[Stored data entries]
[Start of section]

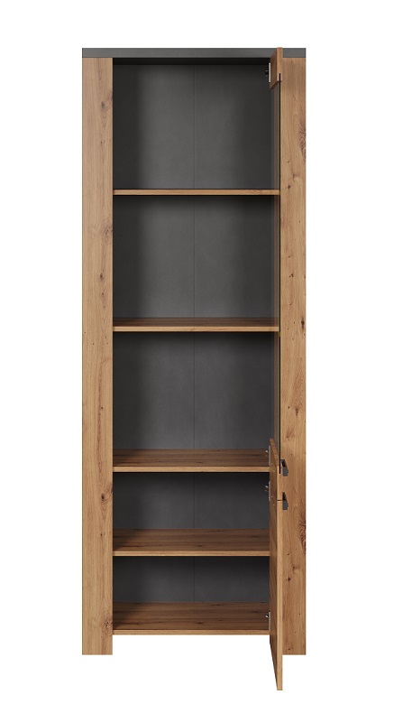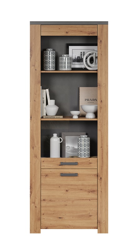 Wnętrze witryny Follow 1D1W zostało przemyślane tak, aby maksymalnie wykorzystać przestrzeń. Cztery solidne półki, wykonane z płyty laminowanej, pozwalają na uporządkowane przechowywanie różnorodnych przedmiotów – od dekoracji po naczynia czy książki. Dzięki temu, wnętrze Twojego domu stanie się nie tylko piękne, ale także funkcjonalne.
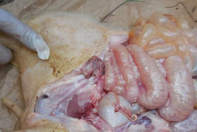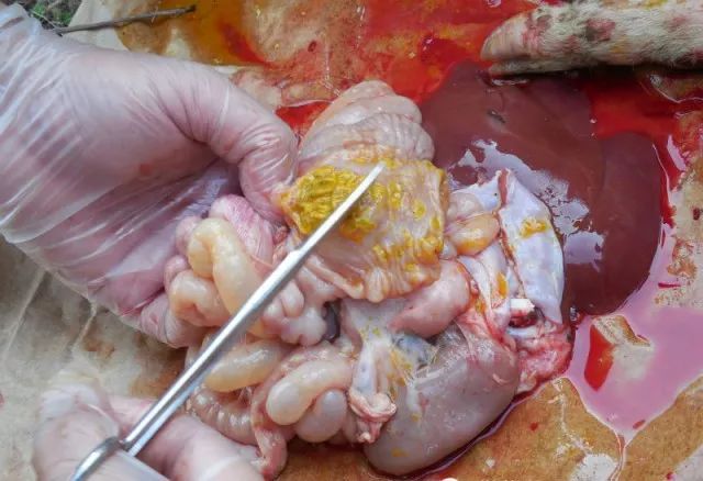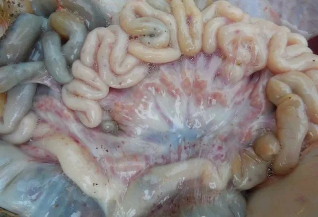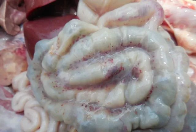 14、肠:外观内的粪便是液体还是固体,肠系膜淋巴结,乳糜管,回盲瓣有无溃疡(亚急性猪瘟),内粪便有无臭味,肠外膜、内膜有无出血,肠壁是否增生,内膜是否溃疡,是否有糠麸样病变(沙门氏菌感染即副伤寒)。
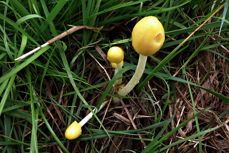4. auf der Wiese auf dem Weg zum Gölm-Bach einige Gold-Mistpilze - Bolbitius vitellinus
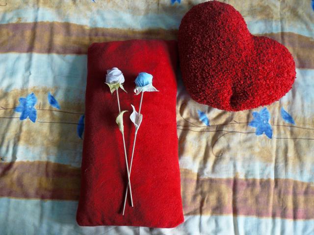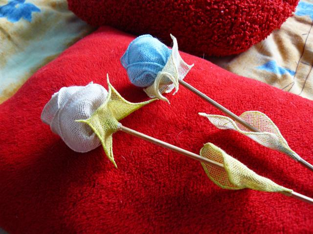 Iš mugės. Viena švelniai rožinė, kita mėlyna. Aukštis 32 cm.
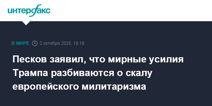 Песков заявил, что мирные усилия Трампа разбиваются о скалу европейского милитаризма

[End of section]

**INSTRUCTIONS FOR THE TASK**: Pictures do not belong in the copy. Reproduce the rest of the data exactly.

**FINISHED EXERCISE**:
 Wnętrze witryny Follow 1D1W zostało przemyślane tak, aby maksymalnie wykorzystać przestrzeń. Cztery solidne półki, wykonane z płyty laminowanej, pozwalają na uporządkowane przechowywanie różnorodnych przedmiotów – od dekoracji po naczynia czy książki. Dzięki temu, wnętrze Twojego domu stanie się nie tylko piękne, ale także funkcjonalne.
 14、肠:外观内的粪便是液体还是固体,肠系膜淋巴结,乳糜管,回盲瓣有无溃疡(亚急性猪瘟),内粪便有无臭味,肠外膜、内膜有无出血,肠壁是否增生,内膜是否溃疡,是否有糠麸样病变(沙门氏菌感染即副伤寒)。
4. auf der Wiese auf dem Weg zum Gölm-Bach einige Gold-Mistpilze - Bolbitius vitellinus
 Iš mugės. Viena švelniai rožinė, kita mėlyna. Aukštis 32 cm.
 Песков заявил, что мирные усилия Трампа разбиваются о скалу европейского милитаризма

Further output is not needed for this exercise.